An AFP count showed that the number of coronavirus vaccines worldwide exceeded 200 million worldwide, as affluent G7 countries promised more than double aid to support access for the underprivileged.
With 45 percent of the injections so far among the wealthy club – which makes up just ten percent of the world’s population – the G7 said on Friday that its support for projects such as the World Health Organization’s Covax now amounts to $ 7.5 billion.
The growing promises of the US, Germany, France, Britain, Italy, Japan and Canada came when a permanent member of the UN Security Council, Britain, showed a draft resolution to other countries on the global body, calling on rich countries to share doses with poor and war-torn states.
According to AFP, the text emphasizes the need for solidarity, fairness and efficiency and is donated to donate vaccine doses from developed economies to low- and middle-income countries and other countries in need.
Meanwhile, Russia has continued its own vaccination program, saying 120,000 doses of its third authorized coronavirus vaccine, CoviVac, will reach humans by March, in the footsteps of the Sputnik V and EpiVacCorona shots.
The new vaccine, which was still in the final phase of clinical trials, was manufactured by the state-run Chumakov Center in Moscow and uses a different development method than Sputnik and EpiVacCorona, with an inactive virus.
“Today, Russia is the only country in which there are already three vaccines to prevent Covid infection,” said Prime Minister Mikhail Mishustin.
And New Zealand has launched the Director-General of Health, Ashley Bloomfield, called a ‘small but important step in a long voyage’, by pushing high-risk citizens’ ships and those from overseas return, launch with border and quarantine workers.
Neighboring Australia starts its own scheme on Monday.
– Jump in the row –
In Argentina, Health Minister Gines Gonzalez Garci resigned late Friday after it emerged he had helped friends leave the queue for vaccine shots.
President Alberto Fernandez has asked him to quit after a 71-year-old journalist, Horacio Verbitsky, announced on the radio that his long-standing friendship with the minister had helped him to be vaccinated in his office in front of the general public.

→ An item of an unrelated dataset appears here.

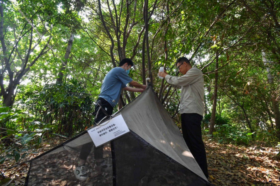 科研人员在海珠湿地查看马氏网采集到的昆虫样本(10月26日摄)。

Local media reported that other people close to the government were also vaccinated at the Ministry of Health.
In Romania, the government has pushed the country’s thousands of homeless on the priority list for vaccines and put them on an equal footing with the elderly and chronically ill, reaching 300 in the first days of the ride.
“These people are one of those most exposed to the risk of infection. It is difficult for most of them to follow infection control measures,” Health Minister Andrei Baciu told AFP.
Although countries are moving forward with vaccinations, the death toll is soaring, with an AFP count reaching more than 2.45 million worldwide by 1100 GMT on Saturday, with nearly 111 million cases.
– ‘How we beat the pandemic’ –
Despite the still worrying figures, it could be an uphill battle to get vaccinated because skepticism remains entrenched.
US President Joe Biden on Friday reassured people that the shots were safe when he visited a Pfizer factory in Michigan.
‘Please take the vaccine for you, your family, your community, this country, if it’s your turn and it’s available. That’s how we beat this pandemic, ‘he said.
And because vaccines should not reach the majority of people almost everywhere, countries are still using known methods to limit infections.
Senegal’s government said on Saturday it would extend another month from 9pm to 5pm, which was first introduced in early January in the capital Dakar and the West Thies region.
Meanwhile, French health minister Olivier Veran said he had asked a local official to harden an evening clock in the southeastern city of Nice and the surrounding Alpes-Maritimes department, or even in a “partial or complete exclusion” to return.